*** Recorded data Section Begins ***

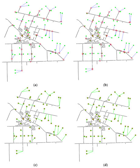 Examples of integrating points/locations with a spatial network (Ontario road data), where green dots represent points given, a blue dash in (a,b) indicate the closest relationship between a point and its nearest vertex/position on the network, green lines in (c,d) mean the edges newly added and red circles mark the representative vertices. (a) Solution with strategy 1; (b) Solution with strategy 2; (c) Solution with strategy 3; (d) Solution with strategy 4.
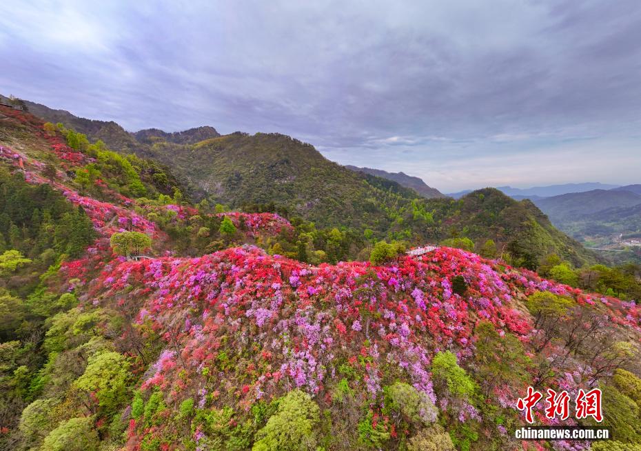 清明假期,位于大別山腹地的安徽省安慶市岳西縣河圖鎮(zhèn)天峽風(fēng)景區(qū)內(nèi),千畝野生高山杜鵑迎來(lái)最佳觀賞期。漫山遍野的杜鵑花海沿山脊鋪展,紅、粉、紫、白各色花朵競(jìng)相綻放,將大別山腹地裝點(diǎn)成一幅絢麗的春日畫(huà)卷。圖為4月5日杜鵑花盛開(kāi)景色。
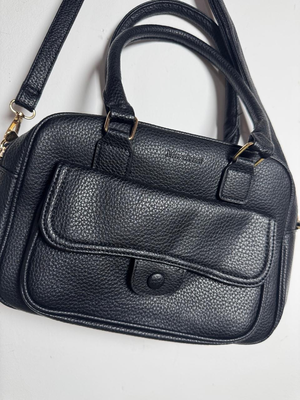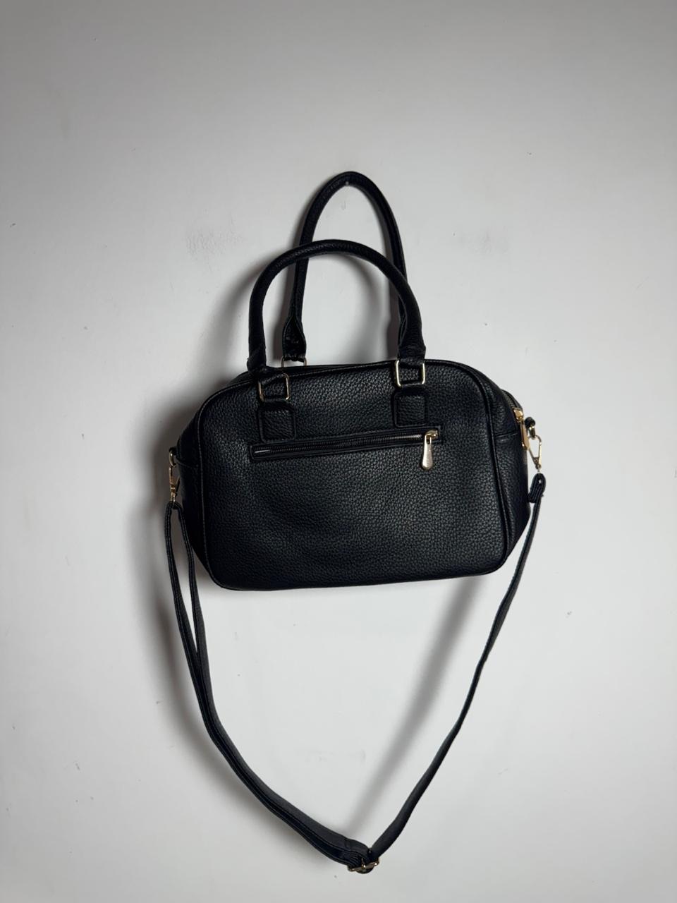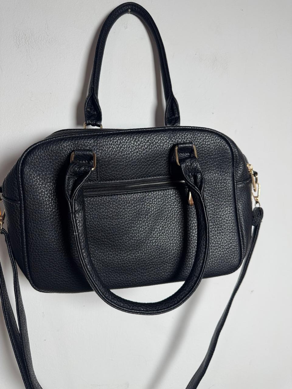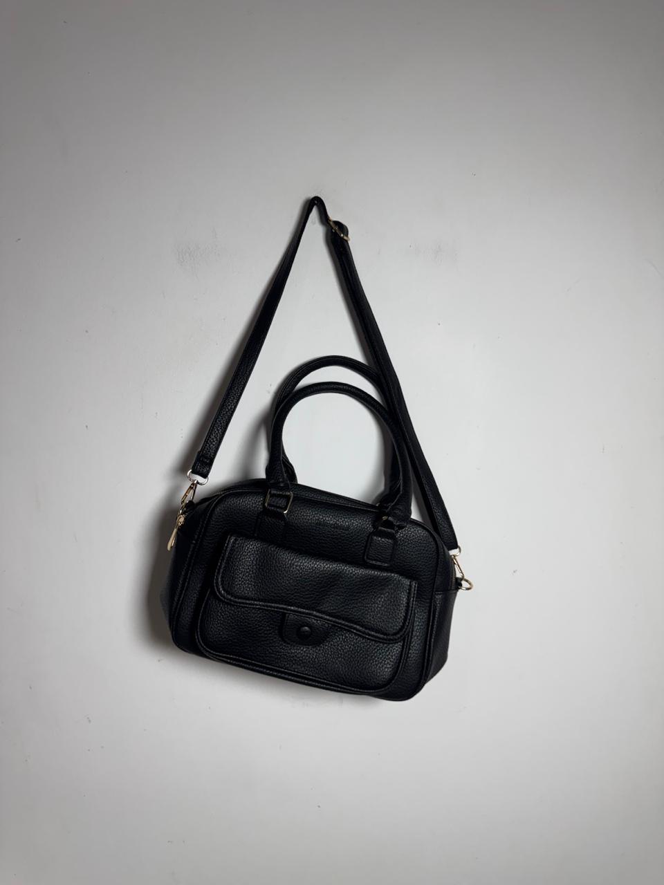 Bolsa baú preta com textura granulada, alças de mão estruturadas e alça transversal removível com ferragens douradas. O modelo possui bolso externo com botão magnético e bolso traseiro com zíper, sendo perfeito para looks de trabalho ou passeios.
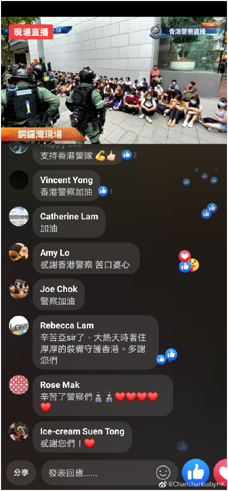 与此同时,有人发现,在昨天香港警方的直播页面下,留言撑警的声音多了,叫骂的少了。
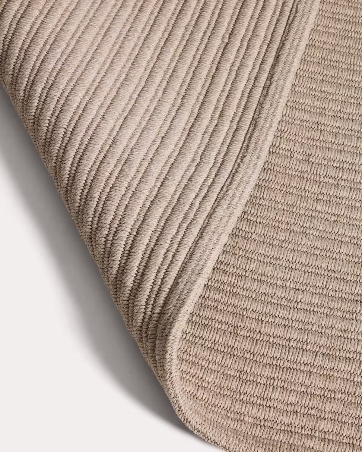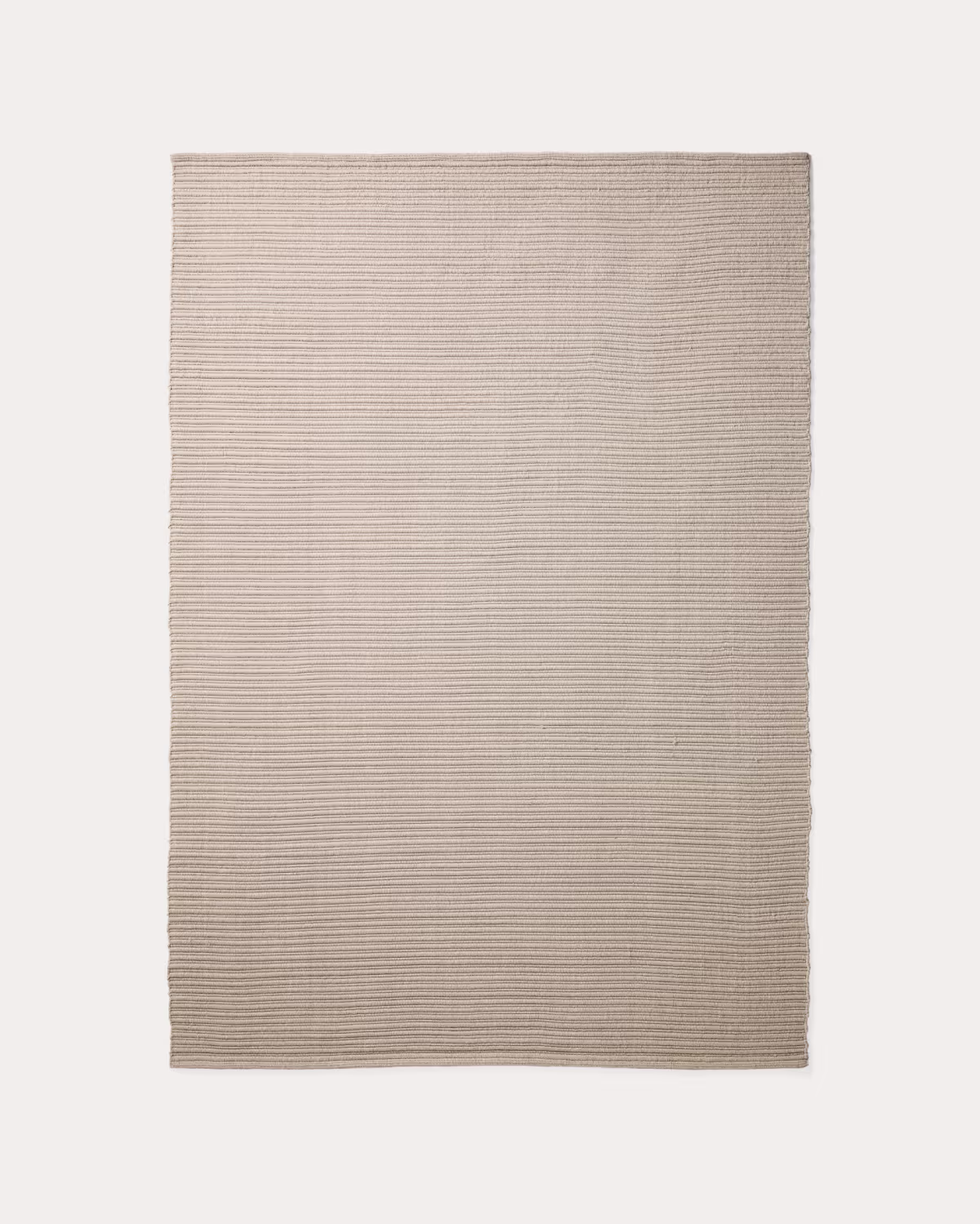 Preproga Ardelia v ecru barvi iz sintetičnih vlaken v večjem formatu 200 x 300 cm prinaša preprostost, teksturo in funkcionalnost v večje notranje ali zunanje prostore. Nežen črtast vzorec ustvari subtilen vizualni poudarek, ki se lepo vključi v različne stile opreme.
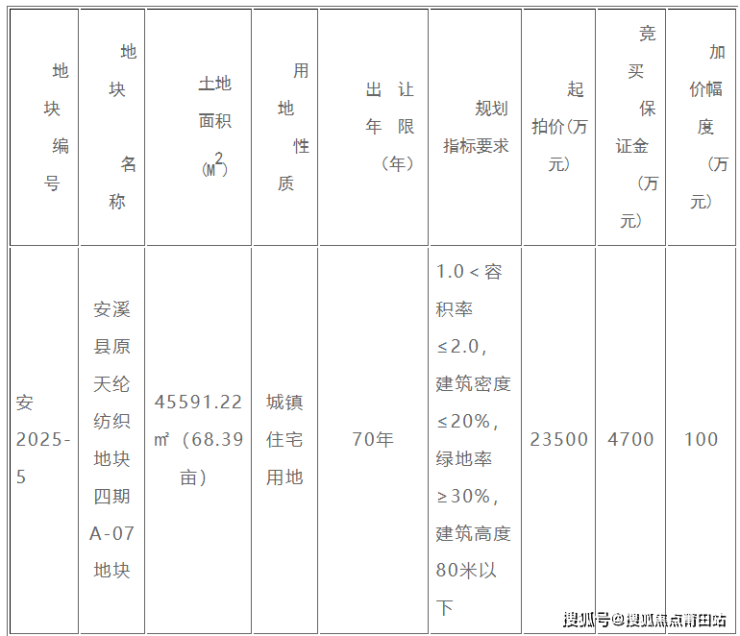 2.相关规划建设要求按照《安溪县自然资源局关于安溪县原天纶纺织地块四期A-07地块用地规划设计条件的通知》(安自然资〔2025〕203号)执行,其中社区卫生室、文体活动室、养老服务用房和邻里中心等公共服务用房应当在竣工验收后无偿移交给政府有权机构统筹使用,土地和房屋产权归政府有权机构所有,费税由开发商负责。
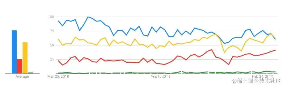 下面谷歌的图表显示了过去一年的搜索兴趣。TensorFlow为蓝色,Keras为黄色,PyTorch为红色,fastai为绿色。可以看出TensorFlow总体呈现下降趋势,而PyTorch却呈现持续增长姿态,不断缩小与TensorFlow的距离。
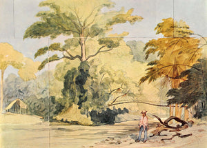Edward Walhouse Mark was born in Malaga, Spain in 1817 where his father was head of the English Consulary. Arriving in Bogota, Colombia in 1843, Edward Mark served for 10 years as vice-consul, general consul, and business officer to Great Britain. His techniques were influenced by the great school of English water coloring developed from the end of the 18th century to the beginning of the 19th century. During these years of service, he created many sketches and watercolors, 152 of which are entitled "The Color of an Age" and are presented as fine prints. Originally acquired from a London auction by Rene Van Meerbeke, this collection of 152 watercolors was returned to Colombia, where it was originally created by Edward Walhouse Mark. Later, formally owned by the Colombian Bank of the Republic (Banco de la Republica), it was preserved as an important patriotic and historical record of pre-independence Colombia, later known as "New Granada." Items from this collection are held to be the most complete and faithful of any foreigner who worked in the 19th century, conveying the feeling and the atmosphere of an age that even history books and novels could not convey.The set consists of landscapes, urban visions, regional studies, anthropological observations, studies of nature, social behavior, and portraits. The anthology is important because it not only represents unique documentation of largely unknown aspects of the Nueva Granada (New Granada), but also because the artist visited, wandered, and lived in these locations as a diplomat of His Majesty of Britain. One of many Europeans who visited Colombia over a century ago, his purpose was to create an interest in the people of the Old World for this mysterious part of America. Coming to Nueva Granada as British Vice Consul, Edward Walhouse Mark had the opportunity to live during the turbulent, heroic independence and dissolution of Great Colombia and the formation of Nueva Granada as an autonomous entity. Significantly, Edward Mark felt odd about being a European and artist in Colombia. He worried that his impressions would appear exaggerated, so to discreetly mute and filter the colors, he used dark thin cardboard as his painting surface rather than a white background, which would have brightened the colors. Carefully considering Mark's watercolors, one finds suggestions of a greater interest in the social evolution of the country and discovers at the margins of the principle topics, informative elements that help one properly understand Grenadine life through this painter's climate of spirituality and his circumstance.
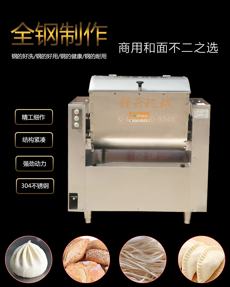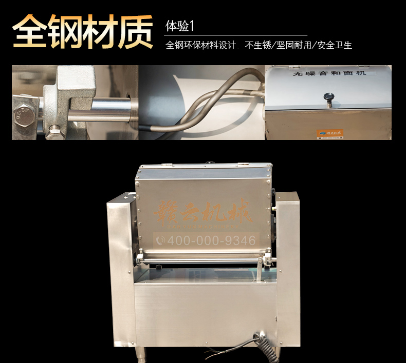 商用和面機(jī),全不銹鋼無(wú)噪音商用和面攪拌機(jī),本系列有15kg、25kg、50kg、75kg、100kg、150kg6個(gè)型號(hào),其中15kg、25kg為手動(dòng)倒料,50kg以上有自動(dòng)翻斗倒料,本機(jī)器和面攪拌桶及攪拌軸均采用304不銹鋼抗氧化處理設(shè)計(jì),安全衛(wèi)生,機(jī)體采用201不銹鋼板材,組合而成全鋼和面機(jī)構(gòu)架。符合軍供品質(zhì)衛(wèi)生需求。是商用和面攪拌好助手。

*** Recorded data Section Ends ***

Before you finish, make sure every line above has been repeated exactly and no picture remains in the copy.

## Answer to the problem
 Examples of integrating points/locations with a spatial network (Ontario road data), where green dots represent points given, a blue dash in (a,b) indicate the closest relationship between a point and its nearest vertex/position on the network, green lines in (c,d) mean the edges newly added and red circles mark the representative vertices. (a) Solution with strategy 1; (b) Solution with strategy 2; (c) Solution with strategy 3; (d) Solution with strategy 4.
 清明假期,位于大別山腹地的安徽省安慶市岳西縣河圖鎮(zhèn)天峽風(fēng)景區(qū)內(nèi),千畝野生高山杜鵑迎來(lái)最佳觀賞期。漫山遍野的杜鵑花海沿山脊鋪展,紅、粉、紫、白各色花朵競(jìng)相綻放,將大別山腹地裝點(diǎn)成一幅絢麗的春日畫(huà)卷。圖為4月5日杜鵑花盛開(kāi)景色。
 Bolsa baú preta com textura granulada, alças de mão estruturadas e alça transversal removível com ferragens douradas. O modelo possui bolso externo com botão magnético e bolso traseiro com zíper, sendo perfeito para looks de trabalho ou passeios.
 与此同时,有人发现,在昨天香港警方的直播页面下,留言撑警的声音多了,叫骂的少了。
 Preproga Ardelia v ecru barvi iz sintetičnih vlaken v večjem formatu 200 x 300 cm prinaša preprostost, teksturo in funkcionalnost v večje notranje ali zunanje prostore. Nežen črtast vzorec ustvari subtilen vizualni poudarek, ki se lepo vključi v različne stile opreme.
 2.相关规划建设要求按照《安溪县自然资源局关于安溪县原天纶纺织地块四期A-07地块用地规划设计条件的通知》(安自然资〔2025〕203号)执行,其中社区卫生室、文体活动室、养老服务用房和邻里中心等公共服务用房应当在竣工验收后无偿移交给政府有权机构统筹使用,土地和房屋产权归政府有权机构所有,费税由开发商负责。
 下面谷歌的图表显示了过去一年的搜索兴趣。TensorFlow为蓝色,Keras为黄色,PyTorch为红色,fastai为绿色。可以看出TensorFlow总体呈现下降趋势,而PyTorch却呈现持续增长姿态,不断缩小与TensorFlow的距离。
Edward Walhouse Mark was born in Malaga, Spain in 1817 where his father was head of the English Consulary. Arriving in Bogota, Colombia in 1843, Edward Mark served for 10 years as vice-consul, general consul, and business officer to Great Britain. His techniques were influenced by the great school of English water coloring developed from the end of the 18th century to the beginning of the 19th century. During these years of service, he created many sketches and watercolors, 152 of which are entitled "The Color of an Age" and are presented as fine prints. Originally acquired from a London auction by Rene Van Meerbeke, this collection of 152 watercolors was returned to Colombia, where it was originally created by Edward Walhouse Mark. Later, formally owned by the Colombian Bank of the Republic (Banco de la Republica), it was preserved as an important patriotic and historical record of pre-independence Colombia, later known as "New Granada." Items from this collection are held to be the most complete and faithful of any foreigner who worked in the 19th century, conveying the feeling and the atmosphere of an age that even history books and novels could not convey.The set consists of landscapes, urban visions, regional studies, anthropological observations, studies of nature, social behavior, and portraits. The anthology is important because it not only represents unique documentation of largely unknown aspects of the Nueva Granada (New Granada), but also because the artist visited, wandered, and lived in these locations as a diplomat of His Majesty of Britain. One of many Europeans who visited Colombia over a century ago, his purpose was to create an interest in the people of the Old World for this mysterious part of America. Coming to Nueva Granada as British Vice Consul, Edward Walhouse Mark had the opportunity to live during the turbulent, heroic independence and dissolution of Great Colombia and the formation of Nueva Granada as an autonomous entity. Significantly, Edward Mark felt odd about being a European and artist in Colombia. He worried that his impressions would appear exaggerated, so to discreetly mute and filter the colors, he used dark thin cardboard as his painting surface rather than a white background, which would have brightened the colors. Carefully considering Mark's watercolors, one finds suggestions of a greater interest in the social evolution of the country and discovers at the margins of the principle topics, informative elements that help one properly understand Grenadine life through this painter's climate of spirituality and his circumstance.
 商用和面機(jī),全不銹鋼無(wú)噪音商用和面攪拌機(jī),本系列有15kg、25kg、50kg、75kg、100kg、150kg6個(gè)型號(hào),其中15kg、25kg為手動(dòng)倒料,50kg以上有自動(dòng)翻斗倒料,本機(jī)器和面攪拌桶及攪拌軸均采用304不銹鋼抗氧化處理設(shè)計(jì),安全衛(wèi)生,機(jī)體采用201不銹鋼板材,組合而成全鋼和面機(jī)構(gòu)架。符合軍供品質(zhì)衛(wèi)生需求。是商用和面攪拌好助手。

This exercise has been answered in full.